Methods: Fifty consecutive patients with ISR and 50 normal control subjects were included. The serum S1P, HDL-S1P and clinical data were collected to explore the relationships between these parameters and ISR.
Results: The patients with ISR had significantly lower concentrations of serum S1P (96.10 ± 26.33 vs. 113.40 ± 32.72; P = 0.004) and HDL-S1P (32.81 ± 10.02 vs. 42.72 ± 11.75; P < 0.001). All included patients were divided into four quartiles based on their concentrations of HDL-S1P: Quartile 1 (18.63-28.51 ng/ml), Quartile 2 (28.62-37.28 ng/ml), Quartile 3 (37.35-45.27 ng/ml), and Quartile 4 (45.59-79.36 ng/ml). The rates of ISR were 84%, 48%, 40% and 28%, respectively.
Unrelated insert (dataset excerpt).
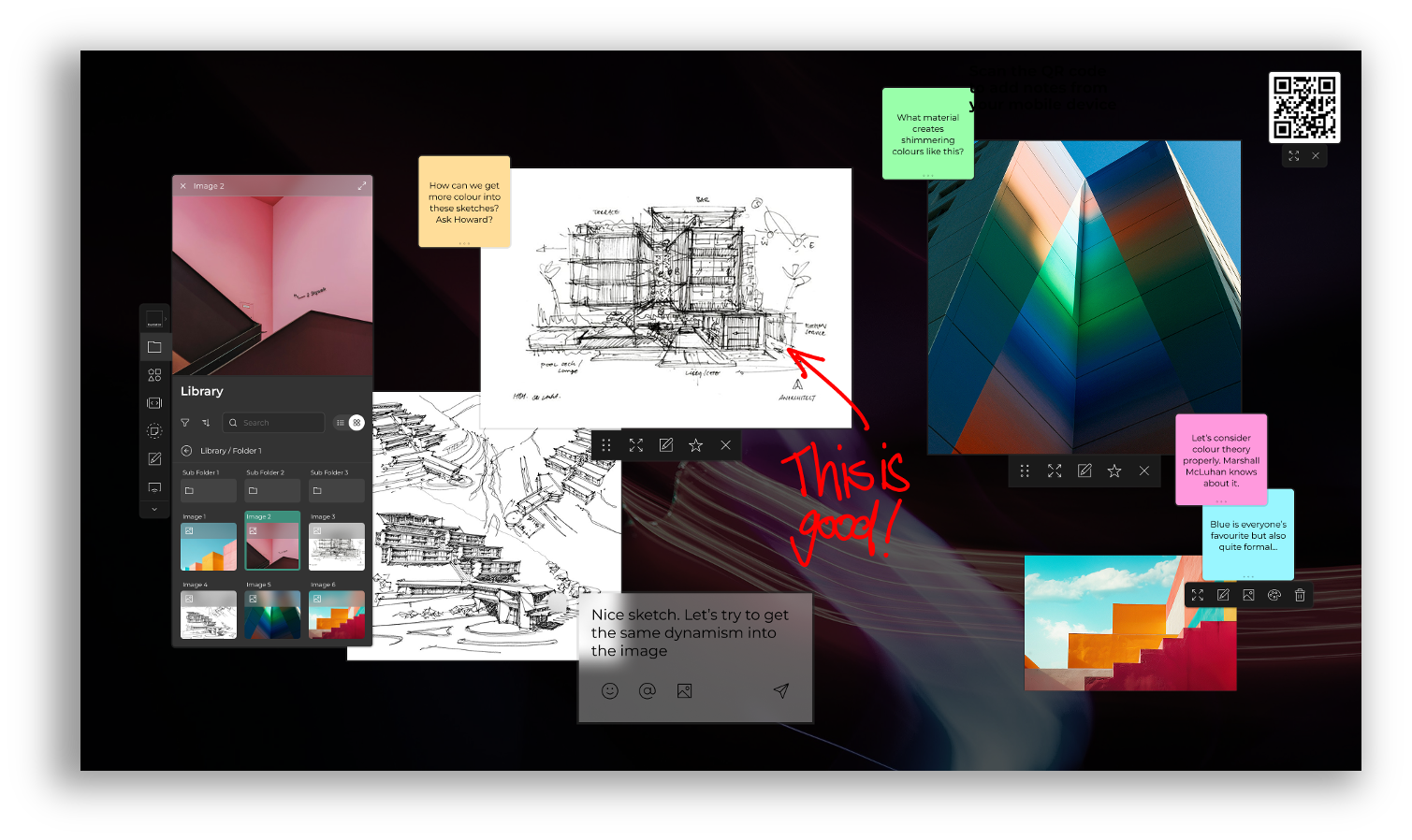 Shared workspace for building presentations, shaping interactive tools and running live workshop-style collaboration.

The patients in Quartile 1 exhibited significantly higher rates of ISR compared with the other groups (P = 0.001). A multivariate stepwise logistic regression analysis indicated that HDL-S1P (OR = 0.846, 95% CI = 0.767-0.932, P = 0.001) was an independent predictor of ISR. An ROC analysis indicated that HDL-S1P = 30.37 ng/ml and had a 90% sensitivity and a 52% specificity in predicting ISR.
Conclusions: HDL-S1P is an independent predictor of ISR, and patients with higher concentrations of HDL-S1P have a low risk of ISR.